**Extracted information**

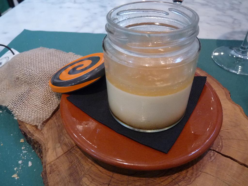 Cuando casi había presentado bandera blanca, Juanjo se empeñó en que tomara unas huevas de merluza con jamón de los Pedroches, y flan de queso al final. El acabose. Qué maravilla.
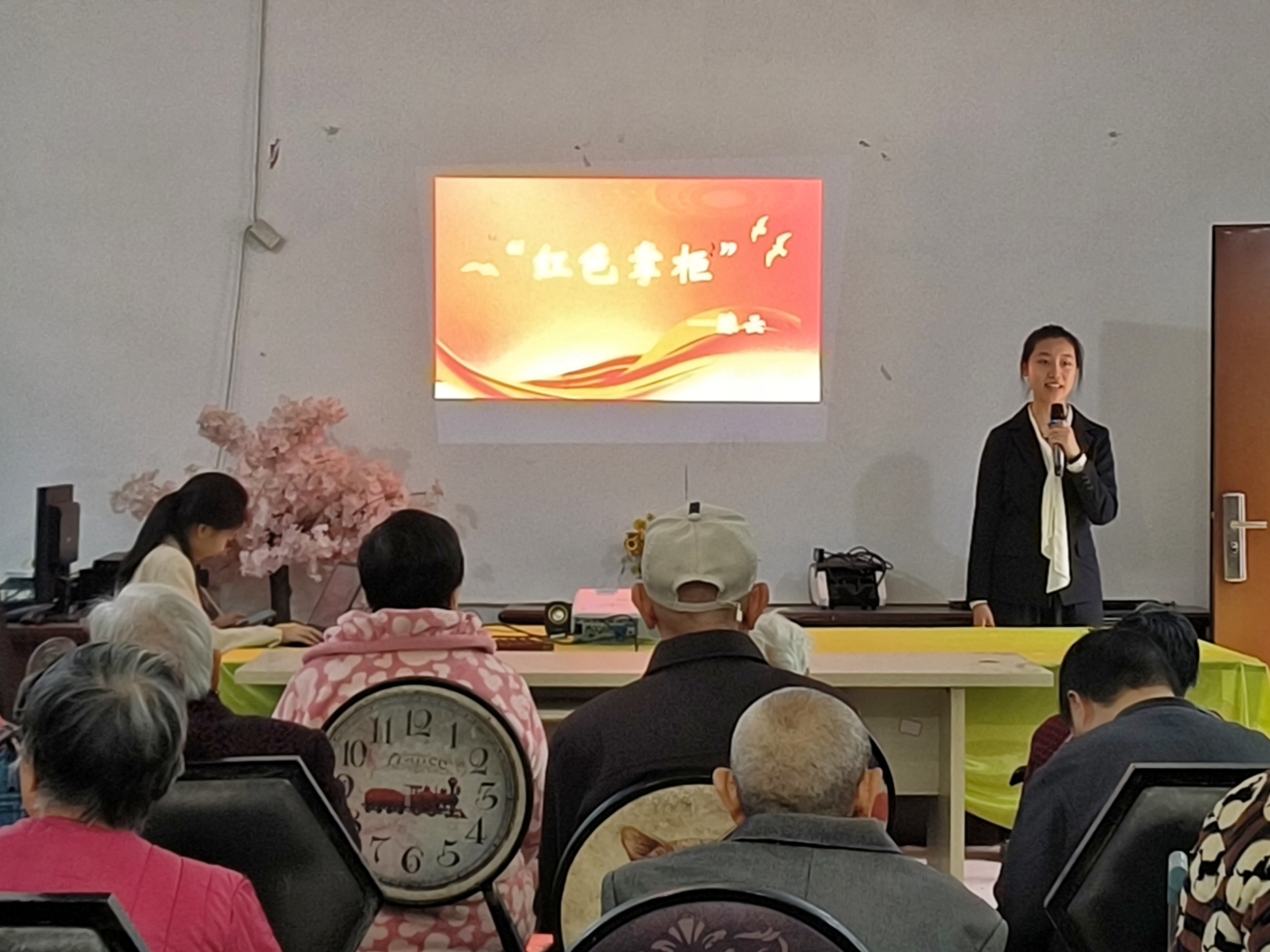 宣讲团成员在活动室为老人们讲党史故事。宣讲团成员以饱满真挚的感情、生动形象的语言,结合丰富的图片、视频资料,先后讲述“广州起义”“红色掌柜陈云”“中国奥运第一人刘长春”等一个个波澜壮阔、振奋人心的红色故事。
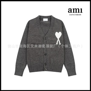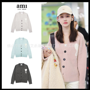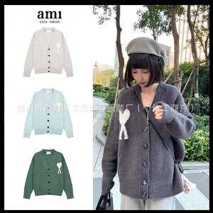 AMI大爱心提花毛衣针织衫秋冬松休闲宽松男女情侣同款V领开衫外套
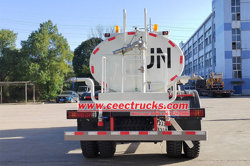 北奔四驱洒水车具备运水、排水、应急消防等功能,配置前冲、后洒、侧喷,自吸式专用水泵,可抽水、排水,配有消防接头、自流阀,罐体后置工作平台,安装绿化洒水炮,炮身可旋转,可调节水量(柱状、雾状、毛毛雨状)。
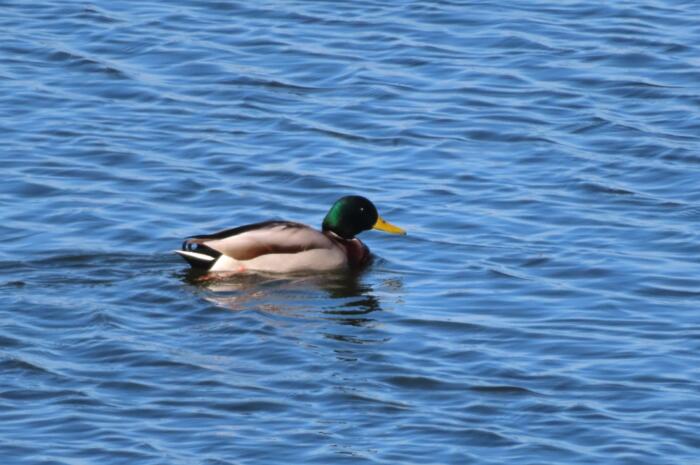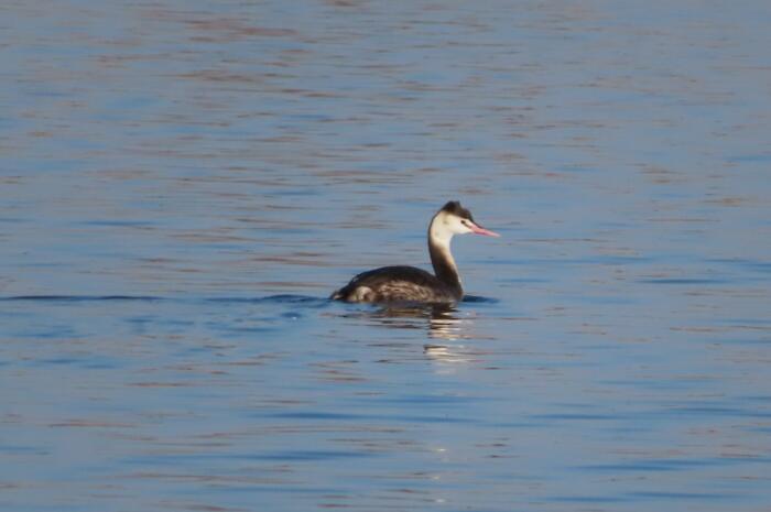 谷中湖中の島に設置されている野鳥観察台にて主にカモ類を観察中
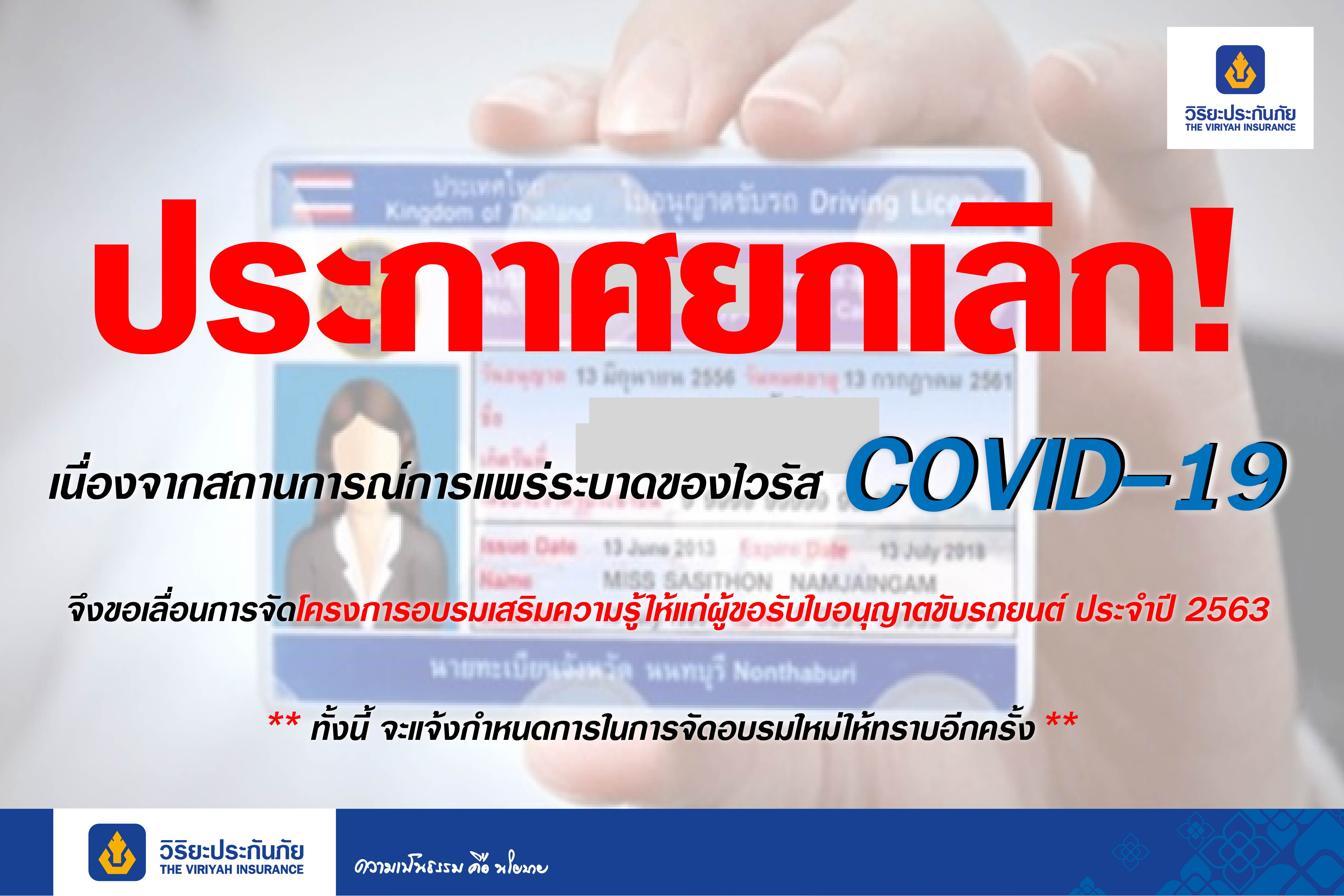31 มีนาคม 2563 : เนื่องด้วยสถานการณ์การแพร่ระบาดของเชื้อไวรัสโควิด-19 ซึ่งอยู่ระหว่างการเฝ้าระวังและป้องกันการแพร่ระบาดตามนโยบายของรัฐบาล บริษัท วิริยะประกันภัย จำกัด (มหาชน) มีความตระหนักถึงความปลอดภัยทางด้านสุขภาพของประชาขน จึงมีความจำเป็นต้องขอประกาศเลื่อนการจัด “โครงการอบรมเสริมความรู้ให้แก่ผู้ขอรับใบอนุญาตขับรถยนต์” ประจำปี 2563
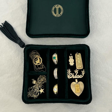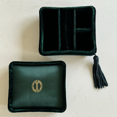 Designed to hold your most treasured pieces, this deep green velvet box features two small compartments, one long compartment, and a space to hold rings.
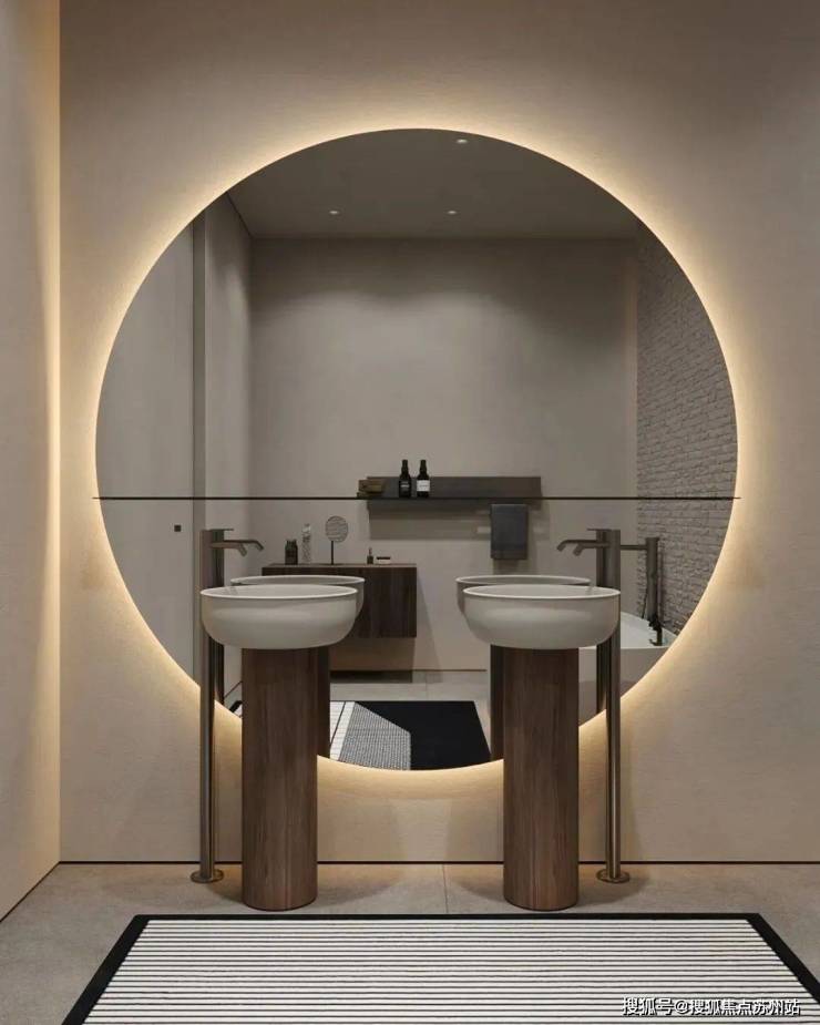 蓝城丹枫云庐售楼处电话☎:400-882-8814(预约热线)✔✔✔卫生间中,设计师选用灰白色作为空间的主色调,营造出一种舒适的轻盈感。圆形的镜面,让空间更显柔和与开阔。镜面背后的暖色灯光增添了空间的温馨质感。
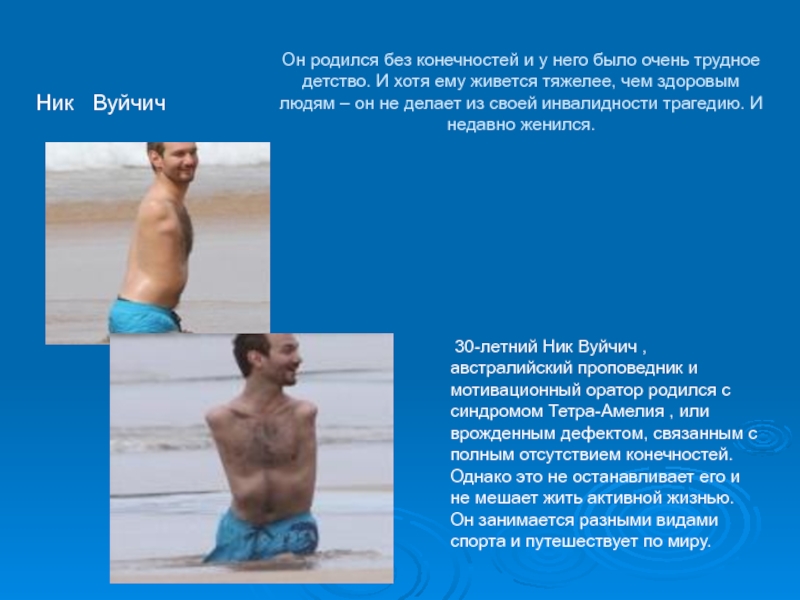 30-летний Ник Вуйчич , австралийский проповедник и мотивационный оратор родился с синдромом Тетра-Амелия , или врожденным дефектом, связанным с полным отсутствием конечностей. Однако это не останавливает его и не мешает жить активной жизнью. Он занимается разными видами спорта и путешествует по миру.
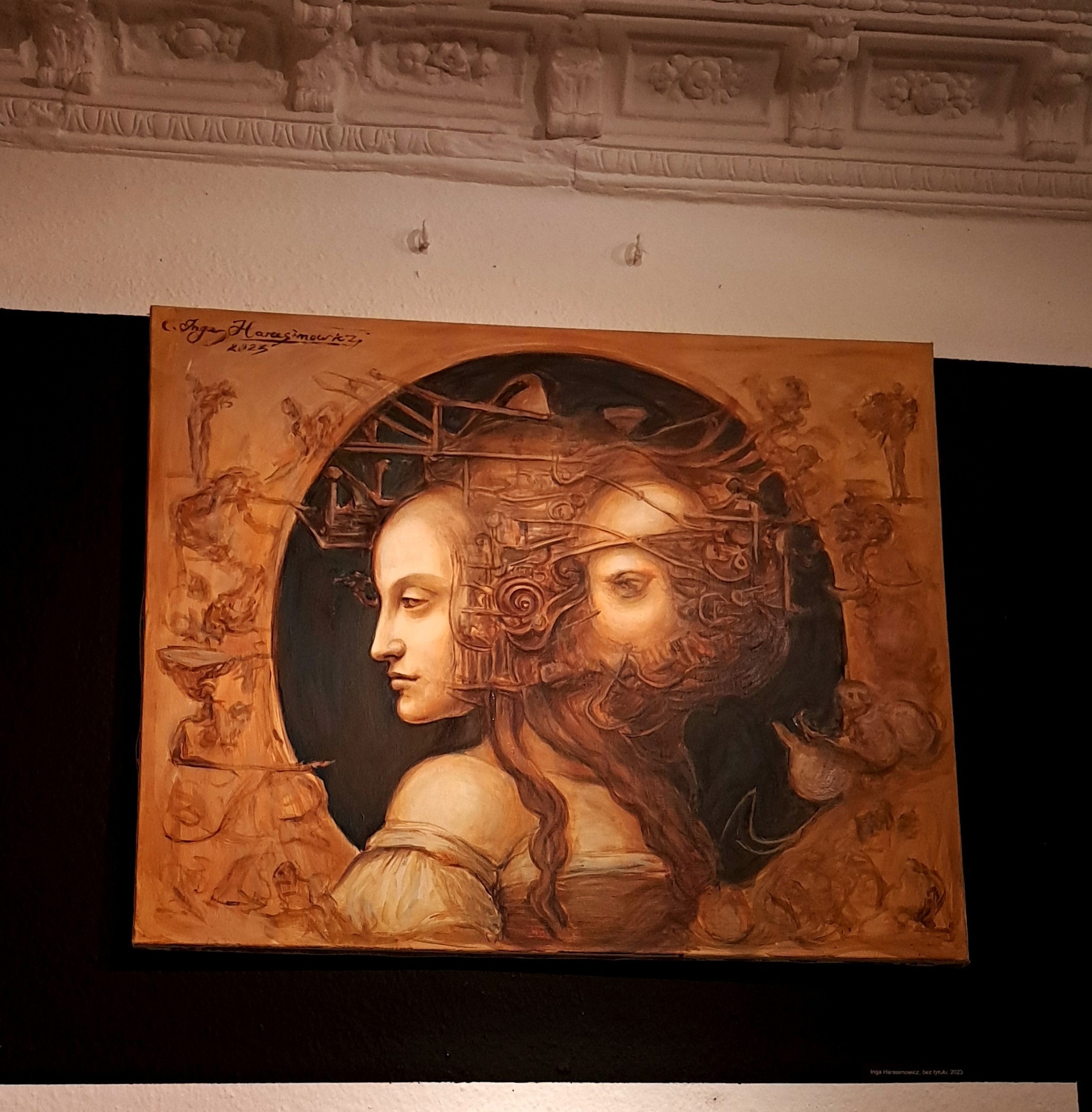 Inga Harasimowicz's painting "AI 1" mixed technique, canvas 90cm x 75cm, exhibition at the Wspólna Gallery in Bydgoszcz, dedicated to Artificial Intelligence.
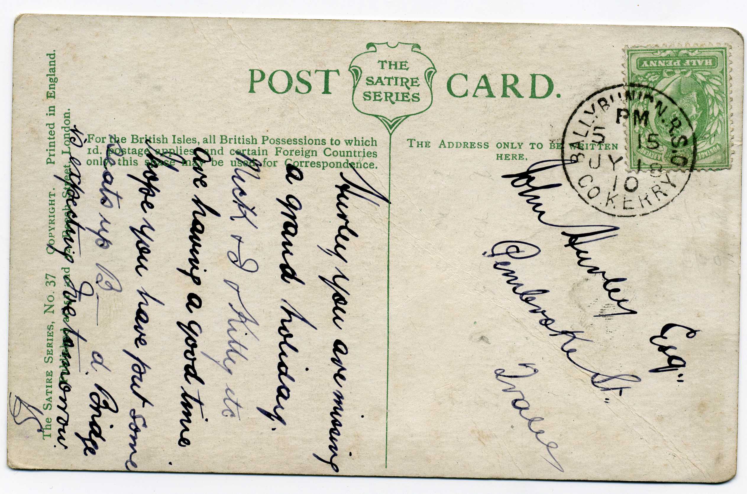 PH014.85 Image | 1910 Humourous Postcard bearing ½d adhesive tied "Ballybunion RSO 10/7/10"
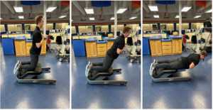 The subsequent phase of rehabilitation built upon elements of the previous phase. The knee immobilizer and crutches were discharged as the incisions closed, the subject demonstrated adequate muscle activation and movement coordination with gait, and pain levels diminished with walking. Restoring full range of motion at the knee continued to be a primary focus with the goals of maintaining full, symmetrical knee extension and establishing knee flexion within 95% (120-degrees) of the contralateral side (125-degrees). Heel slides were still present in the rehab program; however, once the subject achieved 100 degrees of active assisted flexion, the recumbent bike was utilized to facilitate knee flexion and served as an entry point to aerobic energy system training.

**Task brief**
What you write should match, word for word, the lines from the one containing "北奔四驱洒水车具备运水、排水" to the end of the listing, with both ends kept and the pictures left out.

**Answer section**
 北奔四驱洒水车具备运水、排水、应急消防等功能,配置前冲、后洒、侧喷,自吸式专用水泵,可抽水、排水,配有消防接头、自流阀,罐体后置工作平台,安装绿化洒水炮,炮身可旋转,可调节水量(柱状、雾状、毛毛雨状)。
 谷中湖中の島に設置されている野鳥観察台にて主にカモ類を観察中
31 มีนาคม 2563 : เนื่องด้วยสถานการณ์การแพร่ระบาดของเชื้อไวรัสโควิด-19 ซึ่งอยู่ระหว่างการเฝ้าระวังและป้องกันการแพร่ระบาดตามนโยบายของรัฐบาล บริษัท วิริยะประกันภัย จำกัด (มหาชน) มีความตระหนักถึงความปลอดภัยทางด้านสุขภาพของประชาขน จึงมีความจำเป็นต้องขอประกาศเลื่อนการจัด “โครงการอบรมเสริมความรู้ให้แก่ผู้ขอรับใบอนุญาตขับรถยนต์” ประจำปี 2563
 Designed to hold your most treasured pieces, this deep green velvet box features two small compartments, one long compartment, and a space to hold rings.
 蓝城丹枫云庐售楼处电话☎:400-882-8814(预约热线)✔✔✔卫生间中,设计师选用灰白色作为空间的主色调,营造出一种舒适的轻盈感。圆形的镜面,让空间更显柔和与开阔。镜面背后的暖色灯光增添了空间的温馨质感。
 30-летний Ник Вуйчич , австралийский проповедник и мотивационный оратор родился с синдромом Тетра-Амелия , или врожденным дефектом, связанным с полным отсутствием конечностей. Однако это не останавливает его и не мешает жить активной жизнью. Он занимается разными видами спорта и путешествует по миру.
 Inga Harasimowicz's painting "AI 1" mixed technique, canvas 90cm x 75cm, exhibition at the Wspólna Gallery in Bydgoszcz, dedicated to Artificial Intelligence.
 PH014.85 Image | 1910 Humourous Postcard bearing ½d adhesive tied "Ballybunion RSO 10/7/10"
 The subsequent phase of rehabilitation built upon elements of the previous phase. The knee immobilizer and crutches were discharged as the incisions closed, the subject demonstrated adequate muscle activation and movement coordination with gait, and pain levels diminished with walking. Restoring full range of motion at the knee continued to be a primary focus with the goals of maintaining full, symmetrical knee extension and establishing knee flexion within 95% (120-degrees) of the contralateral side (125-degrees). Heel slides were still present in the rehab program; however, once the subject achieved 100 degrees of active assisted flexion, the recumbent bike was utilized to facilitate knee flexion and served as an entry point to aerobic energy system training.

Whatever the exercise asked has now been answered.